Fix a function $ \phi \in C_c^{\infty}(\mathbb{R}), \phi \ne 0$ and set $u_n(x)=\phi(x+n)$. Let $1 \le p \le \infty$. Then
Check that $u_n$ is bounded in $W^{1,p}(\mathbb{R})$
Prove that there exists no subsequence $(u_{n_{k}})$ converging strongly in $L^{q}(\mathbb{R})$, for any $1 \le q \le \infty$
Show that $u_n \rightharpoonup 0$ weakly in $W^{1,p}(\mathbb{R}), \forall p \in (1,\infty)$
The above is a question from Brezis' book on Sobolev Spaces. The first question is easy to solve. I couldn't do 2nd.

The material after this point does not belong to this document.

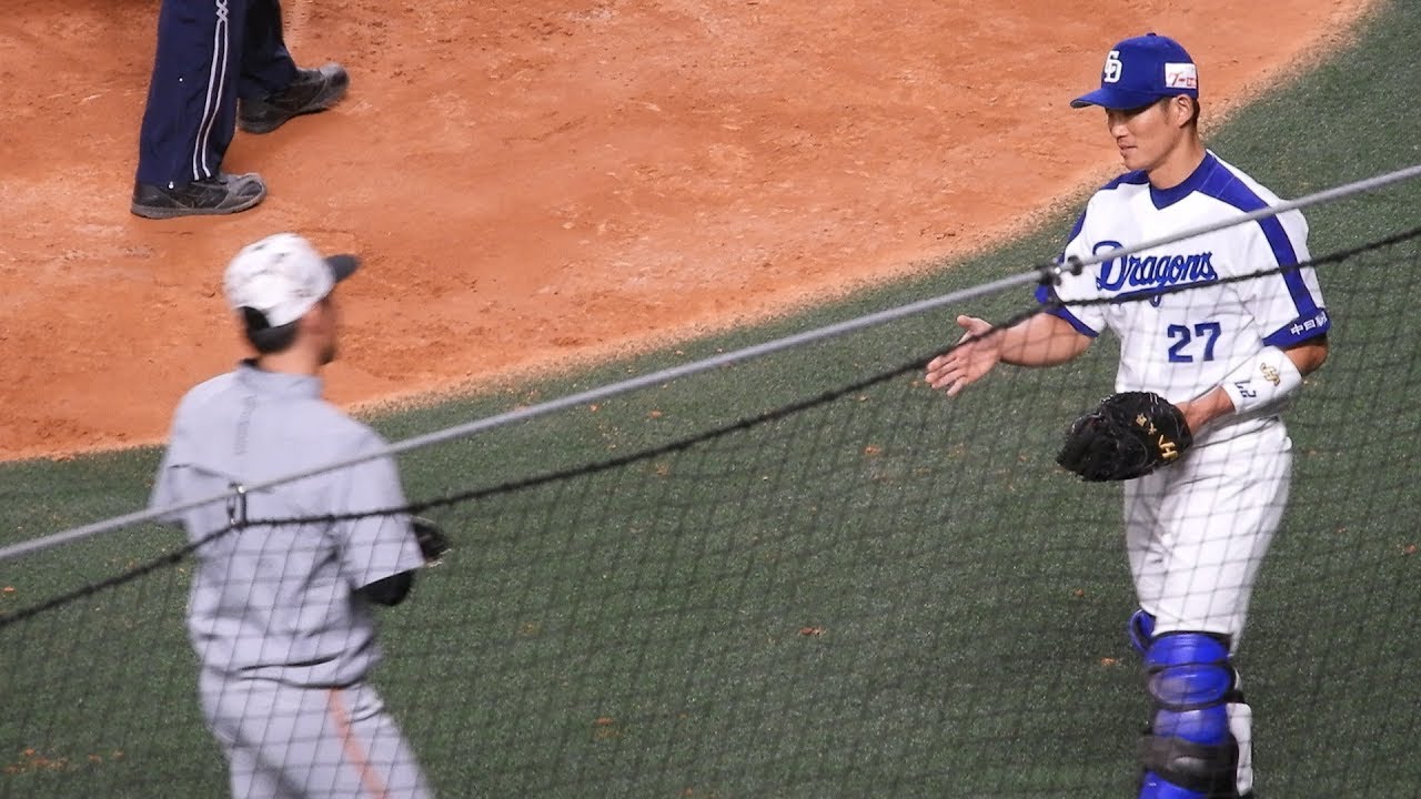 2018/09/01撮影。元ファイターズの仲間が多い巨人戦。吉川君には自ら手を差し出していました。ピッチャーには手厚い丁寧に接するsタイル。

For the third bit, dual space of $W_0^{1,p}(\mathbb{R})=\text{dual space of} W^{1,p}(\mathbb{R}=W^{-1,p'}(\mathbb{R})$. Hence there exists $f_0,f_1 \in L^{p'}(\mathbb{R})$ such that for $F \in W^{-1,p'}(\mathbb{R})$, $$\langle F,u\rangle=\int_{-\infty}^{\infty}f_0u+\int_{-\infty}^{\infty}f_1u, u \in W^{1,p}(\mathbb{R})$$ . Thus
$$\langle F,u_n\rangle=\int_{-\infty}^{\infty}f_0u_n+\int_{-\infty}^{\infty}f_1u_n=\int_{-\infty}^{\infty}f_0\phi(x+n)+\int_{-\infty}^{\infty}f_1\phi(x+n)$$
Now since $\phi$ is compactly supported, Let's say $\text{supp}{\phi} =[-m,m]$. Then $$\int_{-\infty}^{\infty}|f_0\phi(x+n)|=\int_{-m-n}^{m-n}|f_0(x)\phi(x+n)|dx \le \left(\int_{-m-n}^{m-n}|f_0|^{p'}\right)^{\frac{1}{p'}}||\phi||_{p}$$
Now since $|f_0|^{p'} \in L^{1}$, given $\epsilon \gt 0$, there exists $R \gt 0 $ such that $\int_{|x| \gt R}|f_0|^{p'} \lt \epsilon$. So Choosing $n \gt m-R$, we have $$\int_{-m-n}^{m-n}|f_0|^{p'} \le \int_{-\infty}^{m-n}|f_0|^{p'} \lt \epsilon$$
Is this alright??
Thanks for the help!!
Concerning 3., do not estimate the integrals $\int f_j(x) \phi(x+n)dx$ in your way but approximate $f_j$ by functions with compact support (just multiply with an indicator function). If $f_j$ has compact support the integral is $0$ for $n$ large enough.
Concerning 2. the limit of a convergent subsequence would be necessarily $0$ because of 3. But the norms of $u_n$ are constant because of translation invariance of the Lebesgue measure.